Her interest in public health developed when, following two years as a house surgeon at Taranaki Base Hospital, she headed to Australia, first working in Canberra, where she earned a Diploma in Paediatrics, before spending four years training Aboriginal and Torres Strait Island health workers in Queensland. Returning to New Zealand she entered the public health training scheme, completed a PhD in epidemiology and went on to establish the New Zealand Child and Youth Epidemiology Service, monitoring and collating data on the health of the country’s children and young people.

The move to politics seemed like a logical step.

Dr Liz Craig

“I’d seen during the course of my work that we had high rates of children coming into hospital for poverty-related conditions. Tracking back, I could see child poverty rates surged in the early 90s, with the Mother of All Budgets, benefit cuts, market rates for state houses and the Employment Contracts Act.

“Children are looked after well in hospital but then they go home to damp, cold houses and I thought about how to make a bigger impact on that, so I joined the Labour Party in 2010 with a view to helping them write children’s policy.

“From there I got more involved in thinking through the broader social policies we might need and became a candidate in 2014 and then got into Parliament at the last election,” she says.

As a new MP her life is now split between Invercargill and Wellington. The hours are long, especially when Parliament is sitting and it is a travel day.

“There is no training manual, so you’re very much working from your own experience but liaising with senior colleagues. It just feels very like those first few years in medicine where the learning curve is steep, the hours are long, yet it’s really rewarding.”

A lot of Dr Craig’s time is taken up with select committee work. She sits on the Environment Committee, where she takes a keen interest in zero carbon initiatives and climate change. As a member of the Health Committee she likes the overview she gets of district health boards and the Ministry of Health, and her background helps her understand some of the complexities and policy interface.

“It just feels very like those first few years in medicine where the learning curve is steep, the hours are long, yet it’s really rewarding.”

She appreciated the opportunity to be part of the Epidemic Response Committee on the Covid crisis, hearing from the range of health professionals and groups which appeared before it.

For the long-time public health advocate, it was heartening to see the value of epidemiological modelling and public health advice recognised and incorporated in political decision making, not to mention the additional investment in the country’s public health units.

Dr Craig does not deny that parts of the health system are struggling but argues the Government has inherited a decade of underinvestment and realistically has only had two budgets to address it, with the first two focusing on primary care access, mental health, where there has been huge unmet need, and infrastructure development.

“This year the Government has moved to significantly expand our public health capacity in response to Covid-19, with this month’s budget also investing a record amount in DHBs to relieve basic cost pressures and help them catch up on the backlog created by Covid-19.

“But it’s not just about what’s in this year’s budget, you have to take a longer, strategic approach. You have to look over three, seven, ten years in terms of what is the broader investment strategy and asset management plan.”

Workforce training and retention also requires “some strategic thinking,” she adds.

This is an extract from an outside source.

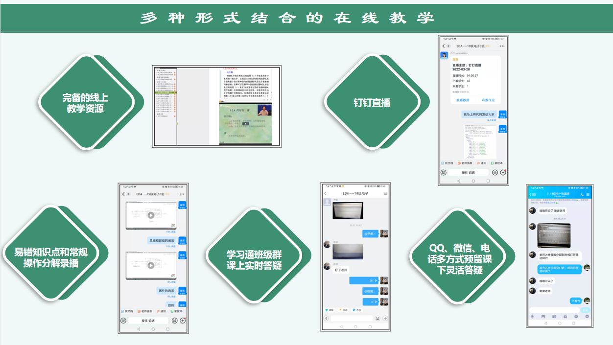 一是完备的线上教学资源,放置在学习通平台,其中包含基本教学文件和丰富的课程资源,覆盖了新课讲解、练习巩固、总结拓展的各个教学环节。课程相关的优秀课程资源,配合学习通群内的小组讨论和教师的问题解析,充盈和拓展课程内容,夯实学习目标。二是钉钉在线直播,精心教学设计,OBE教学理念贯穿始终,学生课程参与度高,教学效果好,课程目标课上达成度高。分享屏幕,演示maxplus的具体操作,并将直播内容录制,可供学生课下回放。教学过程中为调动学生的积极性,可就具体操作连麦学生,实时掌握学生的上课状态。三是录制重、难点微视频和易错题讲解视频,将一些典型的学生容易出错的知识点和常规操作录制成微视频,方便学生复习和巩固。四是学习通班级群课上实时答疑,学习通群内可以将学生提出的问题作为共性案例给学生们集体讲解。五是QQ、微信、电话多方式预留能够灵活课下答疑,可以做到手把手的远程操作,能更方便地解决学生们的具体问题。让学生以他方便的方式和老师沟通交流,力所能及地帮助和解决学生在学习、生活上遇到的困难,缓解焦虑,切实让思政工作走入课堂,实现课程思政化,全方位育人。

What really spins Dr Craig’s MP wheels is that on any given day she can be looking at water issues, employment issues, community development, housing, employment, or health.

For now, politics is very much in her future. She has been selected again to stand as Labour’s candidate for the Invercargill electorate.

“It would be good to be able to continue. In the first term you focus on the basics of being an MP, and the next step is being available where you are needed. Given my background, the health sector is definitely where I’d like to make a bigger political contribution.”